These aspects can explain the inferior results of the SB when the margins were located in the
dentin.
On the other hand, the CL presents a hydrophobic adhesive that is applied on the etched
dentin by a self-etching primer. The absence of solvents and the more hydrophobic
characteristic of this adhesive layer contribute to form a more homogeneous and stable
bonding1,19. This explains the lowest gaps observed in the margin in the dentin when the CL
was used, compared with the SB. The opposite was observed in the margins in the enamel.
Thus, the second null hypothesis was rejected. The poorer performance of the CL on the
enamel margins when compared to the SB is possibly related to the relatively low acidity of
its self-etching primer. CL's self-etching primer contains the acidic monomer 10-MDP and
presents a pH level of approximately 2 (milder acid)15. Self-etching adhesives with relatively
high pH levels are unable to produce an acidic environment that will efficiently etch the
enamel13. In contrast, phosphoric acid used previously to the application of the SB is able to
efficiently etch the enamel.
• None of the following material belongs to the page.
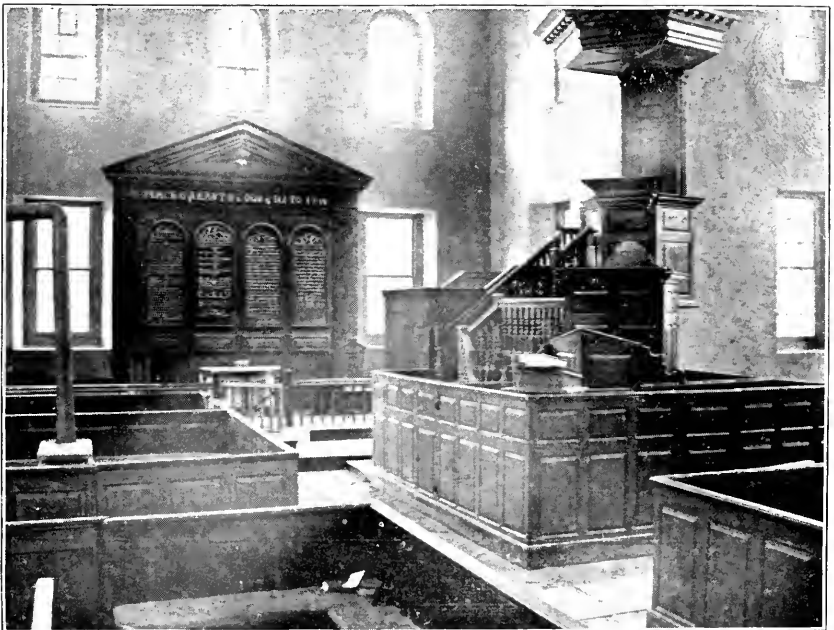
INTERIOR VIEW AQUIA CHURCH, 1899.

Thus, a more stable bonding to the dental substrate contributes to
maintaining the margin sealing.
An interesting outcome of the present study was that there was no difference in the gap
measurements between the times of evaluation, independently of the adhesive utilized and
the margin evaluated. Thus, the third null hypothesis was accepted. It was expected that the
thermal and mechanical cycling would increase the gap widths. The thermal cycling
promotes the shrinkage of samples when subjected to cold water, followed by expansion in
hot water. Thus, the differences in the coefficients of thermal expansion between the
composite resin and dental tissues results in stress on the bonding interface6,14. Similarly, the
load application on the sample promotes tooth deformation and generates stress on the
restoration margins29. These stresses are expected to increase the width of existent gaps or
develop other gaps. Increased gaps have been demonstrated after mechanical and/or thermal
cycling4,8,22. Contradictorily, this was not observed in the present study. One possible
explanation may reside in the water absorption from the samples during the cycling tests.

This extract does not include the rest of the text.